Aqui, o gerente do grupo começar a olhar para as necessidades de negócios mais amplas, em termos de expansão e crescimento dos aspectos operacionais do negócio, deve ser capaz de considerar novos empreendimentos e o descarte de operações antigas, se elas não estiverem gerando lucros.

Um gestor de negócios valoriza o sucesso de seu próprio negócio já um gerente de grupo valoriza também o sucesso de outros grupos de negócios. Percebe-se a este nível que alguns gestores acham que o sucesso veio por causa de sua própria contribuição e tentam obter todo o crédito.  Como gestor de grupo, a pessoa deve primeiro aprender a inspirar e motivar os outros. É comum nesta etapa encontrar bons executivos de negócios estagnados por causa de superiores que tentam conquistar o centro das atenções.
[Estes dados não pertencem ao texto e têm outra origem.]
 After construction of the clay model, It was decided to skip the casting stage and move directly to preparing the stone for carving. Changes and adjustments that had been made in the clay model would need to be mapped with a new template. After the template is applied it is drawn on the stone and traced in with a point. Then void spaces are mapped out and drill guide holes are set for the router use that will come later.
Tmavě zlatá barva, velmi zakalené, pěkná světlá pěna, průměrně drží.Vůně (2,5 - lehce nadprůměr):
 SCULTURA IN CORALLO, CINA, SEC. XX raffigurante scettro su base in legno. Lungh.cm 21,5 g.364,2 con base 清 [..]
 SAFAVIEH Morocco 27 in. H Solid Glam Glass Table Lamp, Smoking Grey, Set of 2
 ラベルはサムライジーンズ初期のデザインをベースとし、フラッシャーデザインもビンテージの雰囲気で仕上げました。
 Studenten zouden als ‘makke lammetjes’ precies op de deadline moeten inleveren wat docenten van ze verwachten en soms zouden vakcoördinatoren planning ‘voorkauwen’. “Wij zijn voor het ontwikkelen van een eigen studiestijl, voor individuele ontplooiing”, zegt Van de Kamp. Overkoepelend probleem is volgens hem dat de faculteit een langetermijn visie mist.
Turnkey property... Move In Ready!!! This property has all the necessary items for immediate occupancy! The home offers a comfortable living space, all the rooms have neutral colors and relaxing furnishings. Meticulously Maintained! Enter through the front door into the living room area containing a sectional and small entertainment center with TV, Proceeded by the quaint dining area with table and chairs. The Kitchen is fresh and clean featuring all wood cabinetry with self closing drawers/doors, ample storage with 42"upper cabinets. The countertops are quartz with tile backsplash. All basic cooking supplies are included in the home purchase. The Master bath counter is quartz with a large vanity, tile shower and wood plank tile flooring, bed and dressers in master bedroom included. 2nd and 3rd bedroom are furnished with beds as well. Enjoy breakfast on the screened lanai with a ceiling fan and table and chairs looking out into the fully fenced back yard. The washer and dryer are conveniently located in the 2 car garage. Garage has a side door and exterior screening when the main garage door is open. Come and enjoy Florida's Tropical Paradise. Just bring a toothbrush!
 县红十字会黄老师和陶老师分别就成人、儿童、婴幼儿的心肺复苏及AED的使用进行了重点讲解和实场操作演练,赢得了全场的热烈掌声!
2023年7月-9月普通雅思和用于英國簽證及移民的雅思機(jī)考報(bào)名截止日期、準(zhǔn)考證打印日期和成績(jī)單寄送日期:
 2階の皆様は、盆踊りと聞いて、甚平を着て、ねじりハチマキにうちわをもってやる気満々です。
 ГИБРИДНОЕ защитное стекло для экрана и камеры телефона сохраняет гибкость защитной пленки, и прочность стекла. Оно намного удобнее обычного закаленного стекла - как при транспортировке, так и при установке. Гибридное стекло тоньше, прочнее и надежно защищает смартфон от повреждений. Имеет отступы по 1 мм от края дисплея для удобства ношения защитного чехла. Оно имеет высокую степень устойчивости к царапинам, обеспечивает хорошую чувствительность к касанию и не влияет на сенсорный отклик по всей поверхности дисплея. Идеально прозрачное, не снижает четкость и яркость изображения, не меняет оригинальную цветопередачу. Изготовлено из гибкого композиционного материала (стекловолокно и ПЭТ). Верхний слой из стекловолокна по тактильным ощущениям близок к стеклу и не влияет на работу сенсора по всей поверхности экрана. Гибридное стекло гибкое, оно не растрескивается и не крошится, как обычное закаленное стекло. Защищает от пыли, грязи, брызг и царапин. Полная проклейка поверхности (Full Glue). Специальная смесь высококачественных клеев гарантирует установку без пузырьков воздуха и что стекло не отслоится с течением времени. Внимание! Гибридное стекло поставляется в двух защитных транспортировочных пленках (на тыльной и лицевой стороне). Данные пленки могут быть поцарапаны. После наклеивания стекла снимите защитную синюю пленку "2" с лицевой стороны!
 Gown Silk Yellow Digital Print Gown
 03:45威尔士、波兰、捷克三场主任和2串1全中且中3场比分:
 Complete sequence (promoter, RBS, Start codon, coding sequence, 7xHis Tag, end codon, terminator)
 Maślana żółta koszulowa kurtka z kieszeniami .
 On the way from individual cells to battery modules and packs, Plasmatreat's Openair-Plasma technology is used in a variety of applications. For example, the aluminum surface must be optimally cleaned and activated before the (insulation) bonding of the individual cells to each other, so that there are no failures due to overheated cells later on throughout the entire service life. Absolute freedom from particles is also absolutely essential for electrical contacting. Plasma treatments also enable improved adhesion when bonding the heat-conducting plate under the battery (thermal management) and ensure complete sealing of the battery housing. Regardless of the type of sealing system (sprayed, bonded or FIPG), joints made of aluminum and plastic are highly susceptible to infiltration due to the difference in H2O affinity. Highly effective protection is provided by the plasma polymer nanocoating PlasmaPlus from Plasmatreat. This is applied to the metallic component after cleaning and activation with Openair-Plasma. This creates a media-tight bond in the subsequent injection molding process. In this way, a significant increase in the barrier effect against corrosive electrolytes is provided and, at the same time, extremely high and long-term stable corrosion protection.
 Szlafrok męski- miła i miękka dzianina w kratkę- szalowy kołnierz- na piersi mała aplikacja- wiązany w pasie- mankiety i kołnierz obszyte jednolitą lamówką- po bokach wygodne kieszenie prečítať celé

  • Etapa 6 – de gestor de grupo a administrador de empresa

E final mente essa é a última etapa. O modelo de pipeline de liderança é finalizado onde os gestores de grupo se tornam gestores de empresas,  os CEOs. A partir de agora, o líder deve ser capaz de destacar os valores por trás de sua estratégia de liderança e sucesso. O papel de um gerente de empresa torna-se mais sobre a visão de longo prazo, embora ainda haja alguma necessidade de manter a funcionalidade de curto prazo.

Aqui ele precisa aprender a se concentrar no todo, em vez das partes individuais que compõem a organização. O microgerenciamento não é algo com que um gestor de empresa deve se preocupar. Como o líder na etapa final será responsável por toda a organização, a capacidade de inspirar e motivar é crucial.

Já pensou em como funciona o pipeline de liderança para startups? Confira a palestra completa do nosso CEO, Fernando Pacheco, na Campus Party 2019:

Conclusão

Este modelo garante que as empresas não se concentrem nas qualidades e habilidades apenas depois de uma promoção, mas para fornecer aos colaboradores mais talentosos as oportunidades de seguir em frente em suas carreiras desde o início.

Quando os líderes passam pelas seis etapas do pipeline de liderança,eles aprendem habilidades necessárias em cada nível de acordo com sua experiência. O benefício mais significativo desse pipeline de liderança é que você pode criar seus próprios líderes de acordo com o que a sua empresa precisa e acredita.